Mrs. Moss testified: "I think it would take $500 a month to maintain me in the way Mr. Moss and I lived prior to the time of the separation. You know I have a child. Before we married, when I was getting my divorce, he asked me to withdraw the alimony part from the Hair family. He told me he would adopt my child, or put the money aside to put her through high school and college, but he did neither."
The evidence showed Mrs. Moss to be about 32 years of age, while Mr. Moss is about 57. He had been married before, his first wife having died. There are three children of that marriage, *12 all having reached their majority. There are no children of the present marriage.
Since the separation, Mr. Moss has been living in one of his farm houses, while Mrs. Moss has continued to occupy the dwelling house in which they had formerly lived together, in Calhoun, Georgia. She testified that this house would rent for about $50 per month. It is insisted that the judge overlooked and failed to consider these facts in determining the amount of alimony which he would allow; also that he failed to take into consideration the separate estate of the defendant, including the amount received by her under the contract of May 17, 1944, and previous contributions made by the plaintiff in the creation of her said separate estate. There is nothing in the record or bill of exceptions to show affirmatively that the judge failed to consider any of these matters, and, consequently, it must be assumed that he did consider them. While it may be true that the separate estate of Mrs.
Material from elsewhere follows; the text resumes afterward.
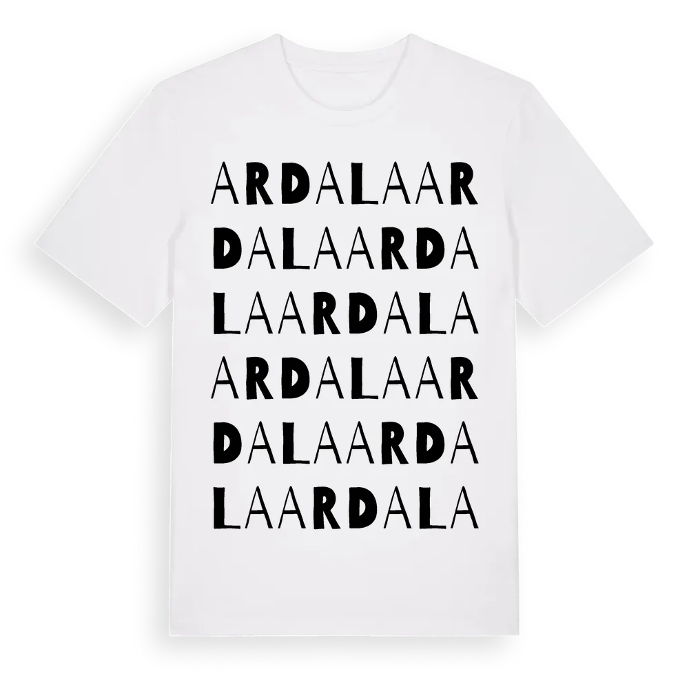 Ardala ordlek t-shirt är inspirerad av byn Ardala i Västra Götalands län, Sverige. Tröjan är designad för dig som har en speciell koppling till platsen – oavsett om du bor här, har rötterna här eller bara älskar Ardala.
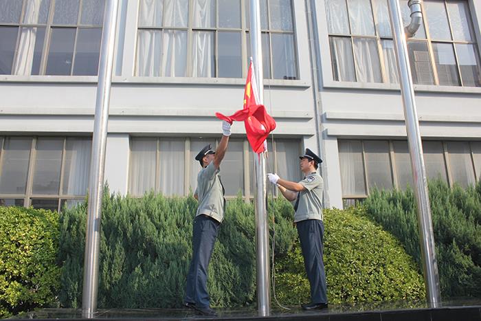 上午8時(shí)30分,升國旗儀式正式開始,護(hù)旗手邁著矯健的步伐,護(hù)衛(wèi)著五星紅旗走向升旗臺(tái)。伴隨著雄壯嘹亮的國歌《義勇軍進(jìn)行曲》,升旗手奮力揮臂將國旗拋向空中,鮮艷的五星紅旗冉冉升起,飄揚(yáng)在祖國的天空。隨后,全體干部職工懷著無比激動(dòng)的心情,齊聲高唱《歌唱祖國》,并用力揮舞手中的小國旗,以此表達(dá)對(duì)偉大祖國的深切熱愛和美好祝福。

Moss was such that she herself could have paid for the services of her attorneys, and could also have paid for her maintenance and support pending a determination of the issue as to permanent alimony, yet, under all the circumstances of the case, including the husband's financial status, the judge was not required as a matter of law to render judgment against her upon that ground. The Code, § 30-203, provides that: "In arriving at the proper provision, the judge shall consider the peculiar necessities of the wife, growing out of the pending litigation; also any evidence of a separate estate owned by the wife, and if such estate is ample, as compared with the husband's, temporary alimony may be refused." (Italics ours.) Thus, while the judge might have refused temporary alimony, he was not required to do so in the circumstances presented. Ayers
v. Ayers,
Under our law, the judge has a broad discretion, and it will not be controlled by this court unless it has been manifestly abused. *13 Etheridge v. Etheridge,
Judgment affirmed. All the Justices concur, except Head, J.,who dissents.